- _DIRECTIONS FOR THIS TASK_
With pictures removed, the data below should be returned exactly.
[EXERCISE INPUTS — start]
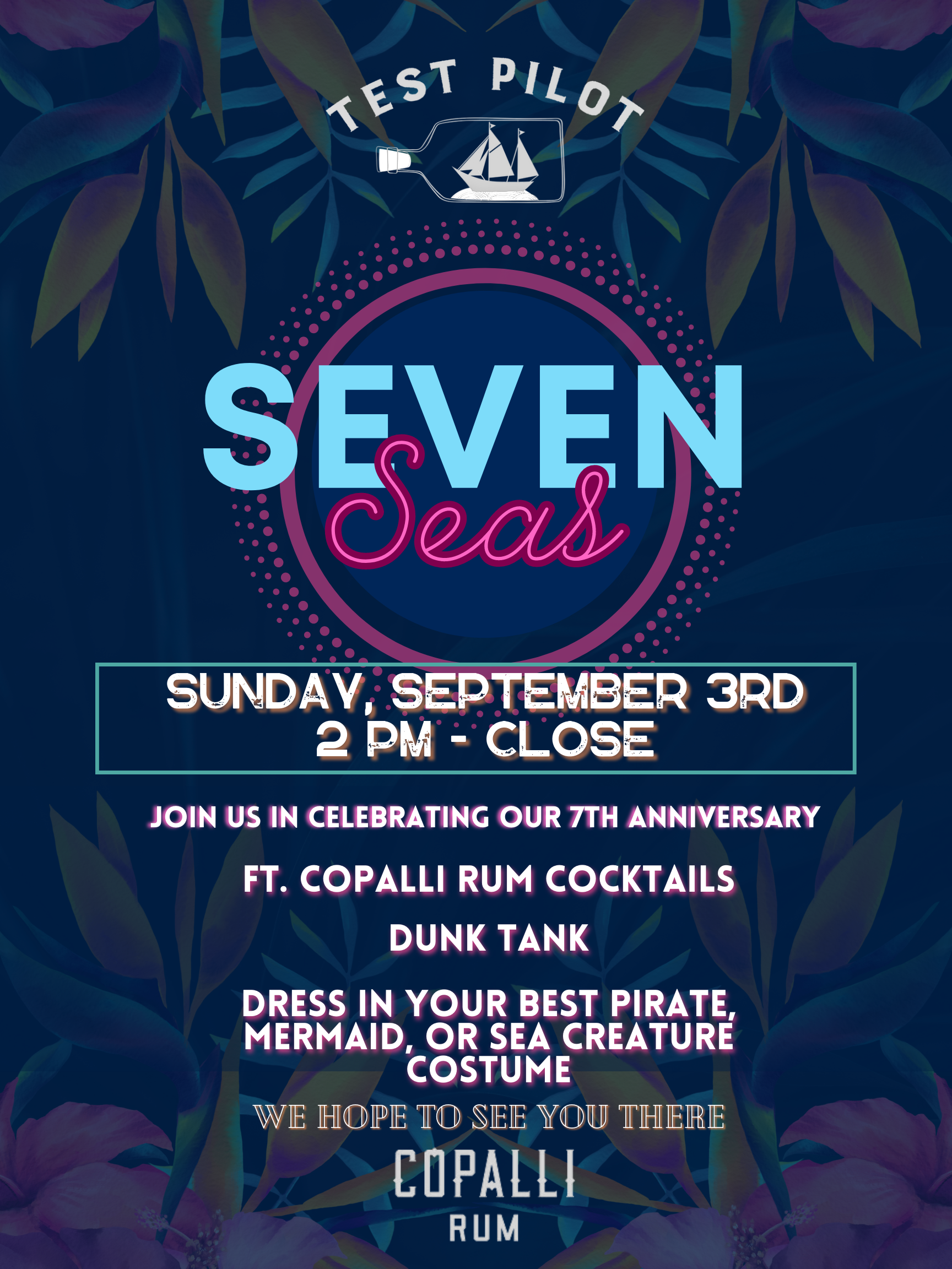 Join Test Pilot and the Good Lion Hospitality team in celebrating Test Pilot’s 7th Anniversary with a Seven Seas party!
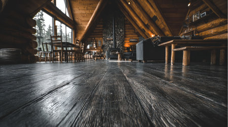 This image captures the inviting interior of a rustic cabin, featuring wooden beams, a natural wooden floor, and warm lighting, creating a serene atmosphere.
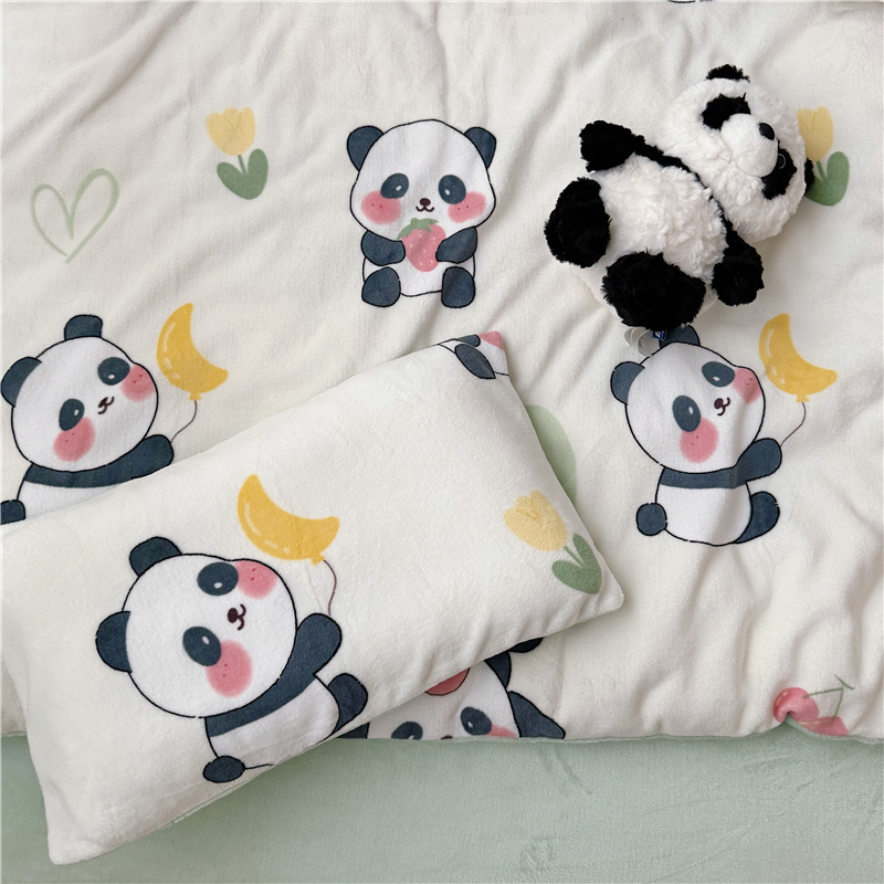 萌宝家纺 2025新款牛奶绒儿童被套幼儿园冬被可拆洗 调皮熊猫
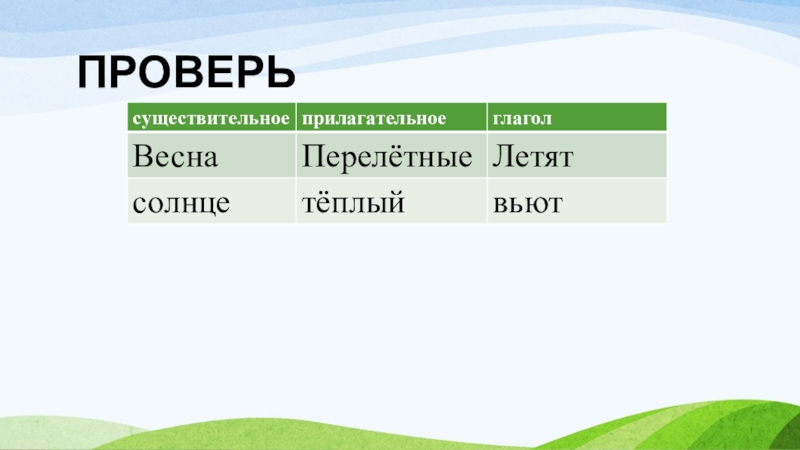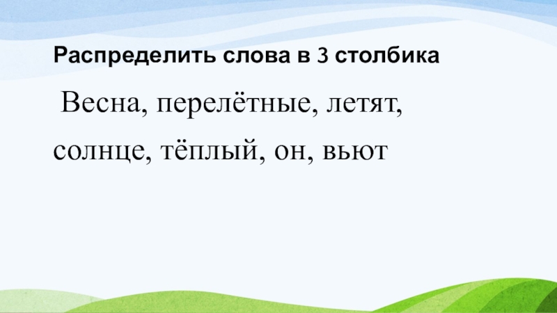 Распределить слова в 3 столбика Весна, перелётные, летят,солнце, тёплый, он, вьют
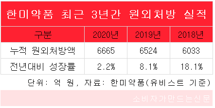 한미약품은 최근 6년간 기록을 합쳐도 가장 많은 원외처방액 성과를 이뤄냈다. 유비스트 기준으로 2015년부터 작년까지 6년간 총 3조3160억 원의 처방액을 달성해 국내외 제약사 중 1위를 차지했다.
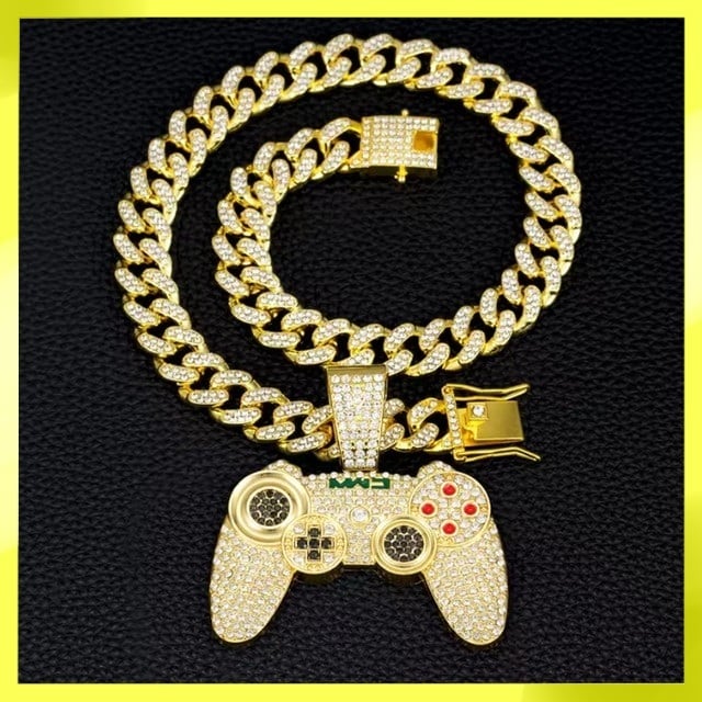 ゲームコントローラー ブリンブリン ギラギラ ゴールド マイアミキューバンリンク ジルコニア CZダイヤモンド ラインストーン ネックレス ペンダント ヒップホップ パンク ストリート 13mm 50cm メンズ レディース ユニセックス 新品未使用品
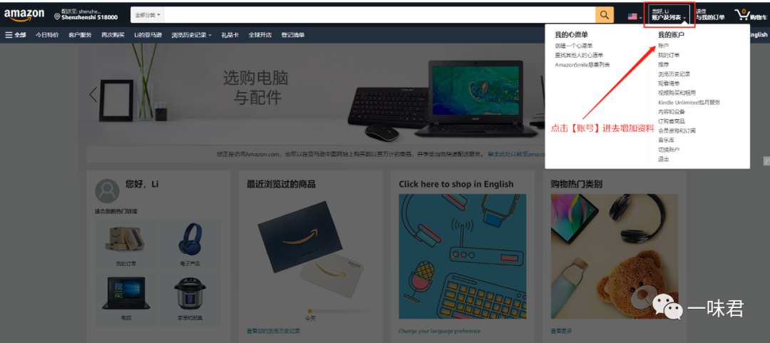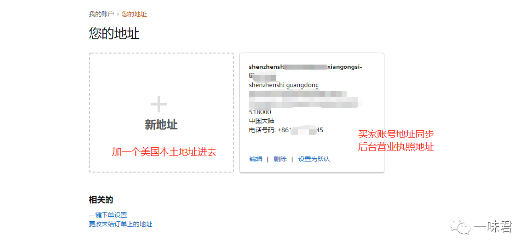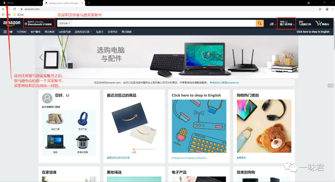 当我们成功注册亚马逊卖家账号之后,亚马逊也会给你一个买家号,资料是绑定卖家资料的,其实我们是卖家也是买家,只不过你可能没有发现和利用而已。在卖家账号同一个浏览器打开www.amazon.com,你的买家账号也出来了,但这个是中国资料的买家号,这个买家号的收货地址绑定营业执照的地址,所以你要下单美国产品,也只能在开通全球配送的Listing下单,要不绝大部分的Listing是没有办法配送到中国。当我们打开www.amazon.com的时候,我们要把配送地址改成美国邮编地址或者美国收货地址才能把网站定位到美国。
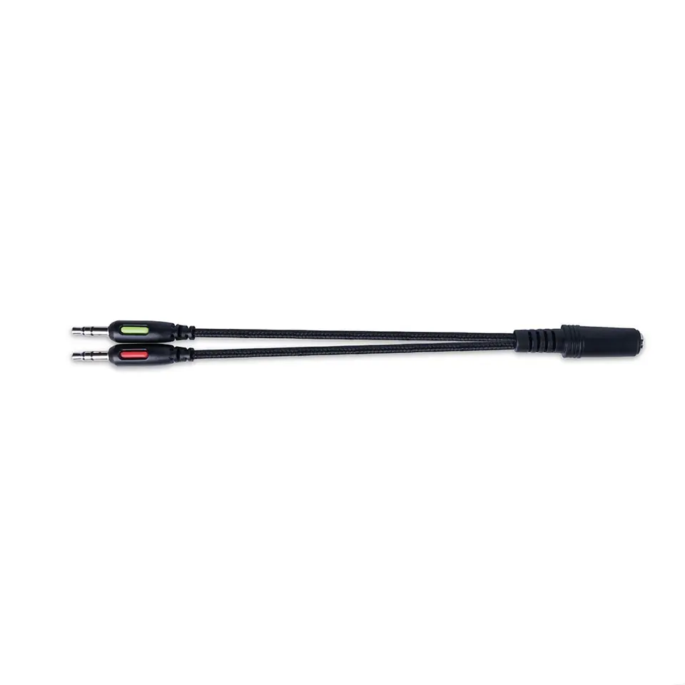 - Przejściówka z 4-polowego min Jack 3.5mm na 2x 3-polowy mini-Jack 3.5mm- Komplet dodatkowych poduszek
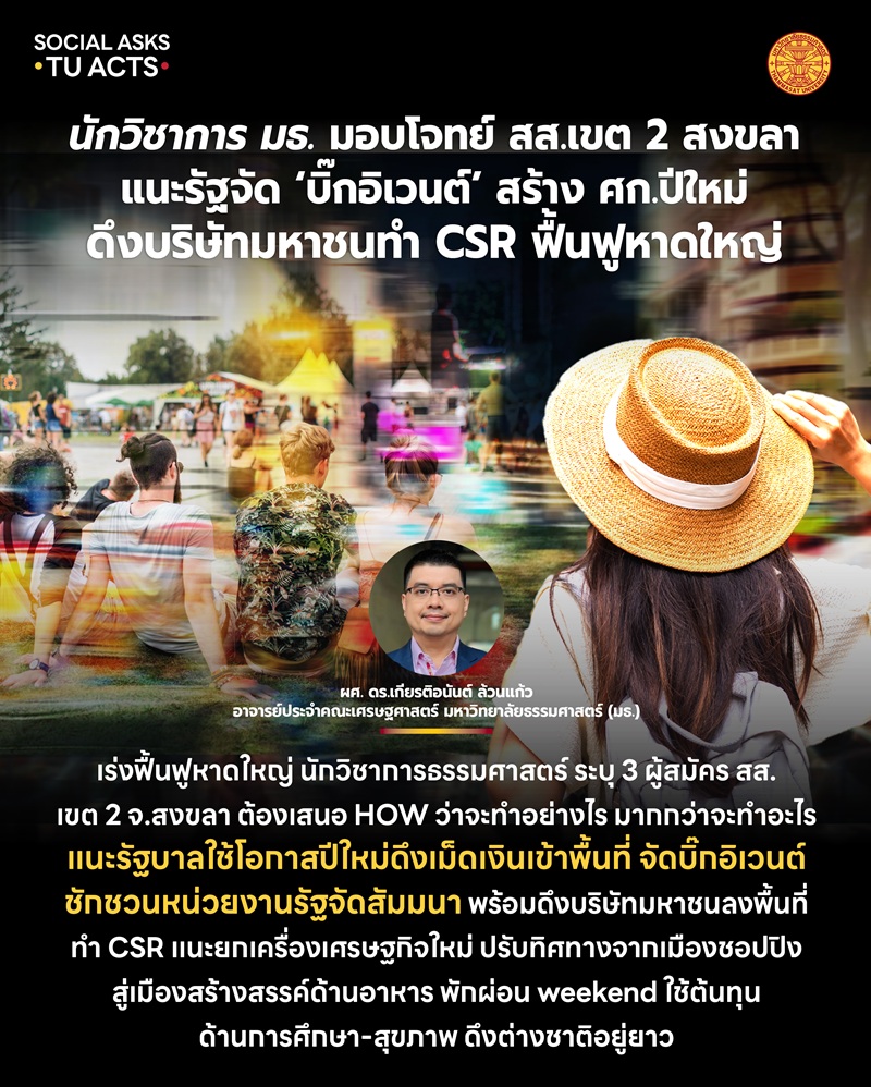 นักวิชาการ มธ. มอบโจทย์ สส.เขต 2 สงขลา แนะรัฐจัด ‘บิ๊กอิเวนต์’ สร้าง ศก.ปีใหม่ ดึงบริษัทมหาชนทำ CSR ฟื้นฟูหาดใหญ่
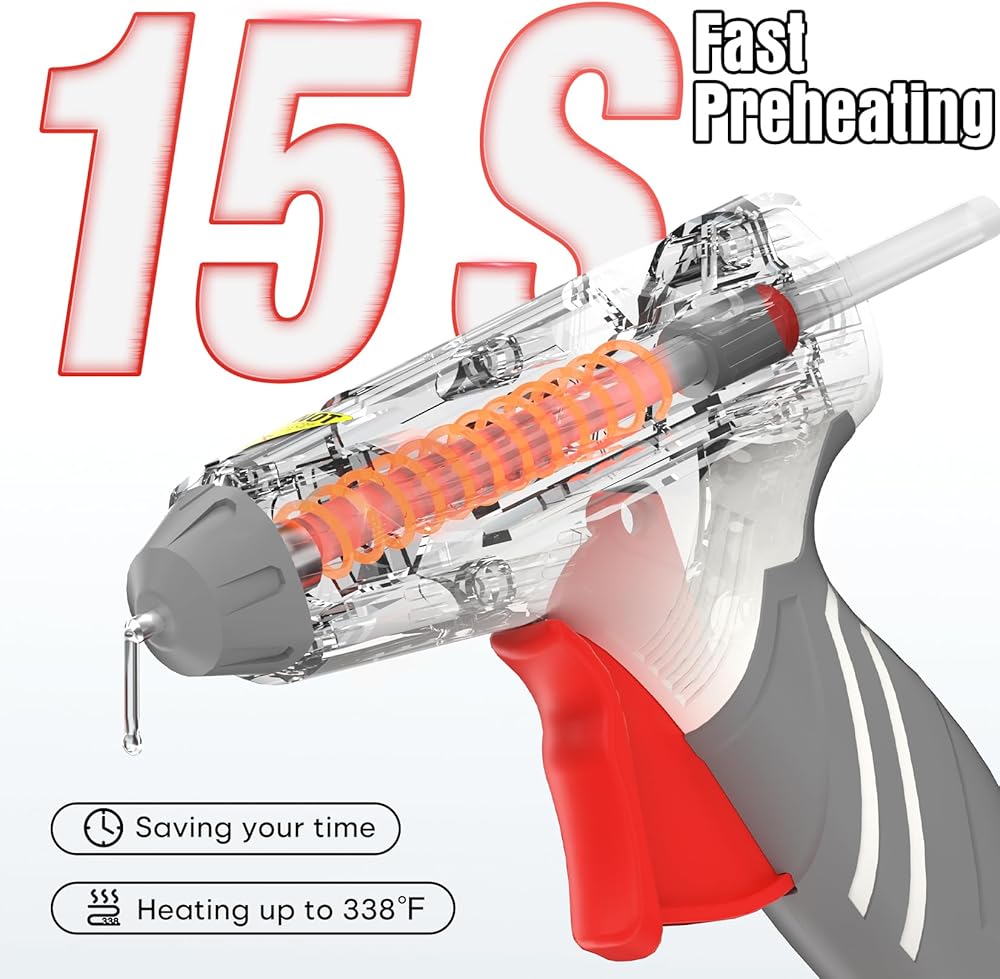 فوهة خالية من التنقيط وجسم مضاد للحرق: تم تصميم الفوهة النحاسية لتجنب التنقيط أو التسرب وضمان معدل تدفق سلس وسريع للغراء يصل إلى 0.19 أونصة/دقيقة؛ الغلاف الخارجي مصنوع من مواد مقاومة للحرارة لمنع التعرض للحروق
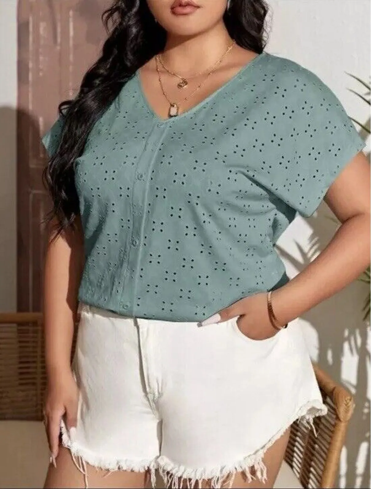 The Women Junior Plus Sage Green Faux Button Front Super Cute Blouse Top Shirt #117 is a stylish and... Show more
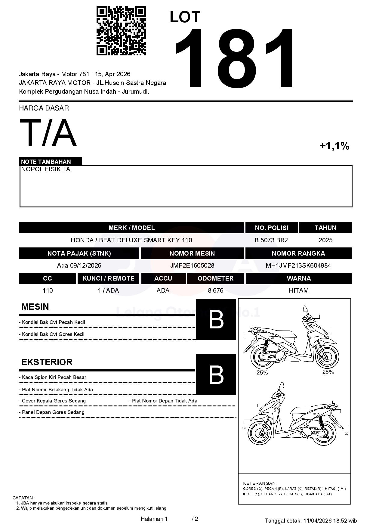 Tanggal Lelang: 15/04/2026 13:00 | WIB
[EXERCISE INPUTS — finish]
- _WRITTEN RESPONSE_
 Join Test Pilot and the Good Lion Hospitality team in celebrating Test Pilot’s 7th Anniversary with a Seven Seas party!
 This image captures the inviting interior of a rustic cabin, featuring wooden beams, a natural wooden floor, and warm lighting, creating a serene atmosphere.
 萌宝家纺 2025新款牛奶绒儿童被套幼儿园冬被可拆洗 调皮熊猫
 Распределить слова в 3 столбика Весна, перелётные, летят,солнце, тёплый, он, вьют
 한미약품은 최근 6년간 기록을 합쳐도 가장 많은 원외처방액 성과를 이뤄냈다. 유비스트 기준으로 2015년부터 작년까지 6년간 총 3조3160억 원의 처방액을 달성해 국내외 제약사 중 1위를 차지했다.
 ゲームコントローラー ブリンブリン ギラギラ ゴールド マイアミキューバンリンク ジルコニア CZダイヤモンド ラインストーン ネックレス ペンダント ヒップホップ パンク ストリート 13mm 50cm メンズ レディース ユニセックス 新品未使用品
 当我们成功注册亚马逊卖家账号之后,亚马逊也会给你一个买家号,资料是绑定卖家资料的,其实我们是卖家也是买家,只不过你可能没有发现和利用而已。在卖家账号同一个浏览器打开www.amazon.com,你的买家账号也出来了,但这个是中国资料的买家号,这个买家号的收货地址绑定营业执照的地址,所以你要下单美国产品,也只能在开通全球配送的Listing下单,要不绝大部分的Listing是没有办法配送到中国。当我们打开www.amazon.com的时候,我们要把配送地址改成美国邮编地址或者美国收货地址才能把网站定位到美国。
 - Przejściówka z 4-polowego min Jack 3.5mm na 2x 3-polowy mini-Jack 3.5mm- Komplet dodatkowych poduszek
 นักวิชาการ มธ. มอบโจทย์ สส.เขต 2 สงขลา แนะรัฐจัด ‘บิ๊กอิเวนต์’ สร้าง ศก.ปีใหม่ ดึงบริษัทมหาชนทำ CSR ฟื้นฟูหาดใหญ่
 فوهة خالية من التنقيط وجسم مضاد للحرق: تم تصميم الفوهة النحاسية لتجنب التنقيط أو التسرب وضمان معدل تدفق سلس وسريع للغراء يصل إلى 0.19 أونصة/دقيقة؛ الغلاف الخارجي مصنوع من مواد مقاومة للحرارة لمنع التعرض للحروق
 The Women Junior Plus Sage Green Faux Button Front Super Cute Blouse Top Shirt #117 is a stylish and... Show more
 Tanggal Lelang: 15/04/2026 13:00 | WIB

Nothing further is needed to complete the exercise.